After completing your development installation, you can run the test suite
with

```shell
pytest -v
```
To also generate a code coverage report

```shell
pytest -v --cov=./ --cov-report=html:coverage/
```
After tests run, you can then open the `coverage/index.html` file in your
preferred browser and check out where test coverage is poor.

Pull requests are required to maintain the code coverage of the code base, so
you'll have to write new tests to cover any new code. Bug fixes may not require
new tests if coverage is unchanged.

### code style

#### style checks
Code style is enforced with `pre-commit`. When you submit a pull request, the
`pre-commit.ci` bot will test whether your code passes the style requirements. If
that test fails, you can have `pre-commit.ci` autofix your pull request by adding
a comment to the pull request that reads

```
pre-commit.ci autofix
```

and the bot will try to fix the style failures. After it runs, if you still
have work to do on the PR, you'll want to run

```
git pull
```

locally so that you can pull in the bot's changes to your branch.

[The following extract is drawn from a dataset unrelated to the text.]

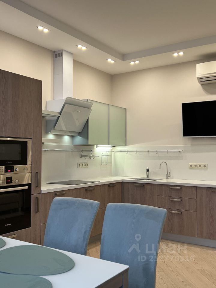Выполнен качественный ремонт в светлых тонах с использованием дорогостоящих натуральных материалов. Подвесной потолок с многоуровневым освещением. Сделана шумоизоляция, в том числе у соседей сверху и снизу. Квартира укомплектована техникой ведущих производителей (Liebherr, Bosch, Siemens, LG, Sony). Кондиционеры установлены в спальне и на кухне. В санузлах сантехника Duravit (Germany), Villeroy & Boch (Germany). Стиральная, сушильная машина. Теплые полы в прихожей и санузлах. Грамотная разводка, везде есть розетки. Окна во всех комнатах оборудованы жалюзями.

#### using pre-commit during development

If you'd like to ensure that your code passes all style requirements while
you're developing, you can use pre-commit throughout development. After
building your development installation, you can initialize pre-commit within
your repository with

```shell
pre-commit install
```

and your code changes will be checked every time you commit.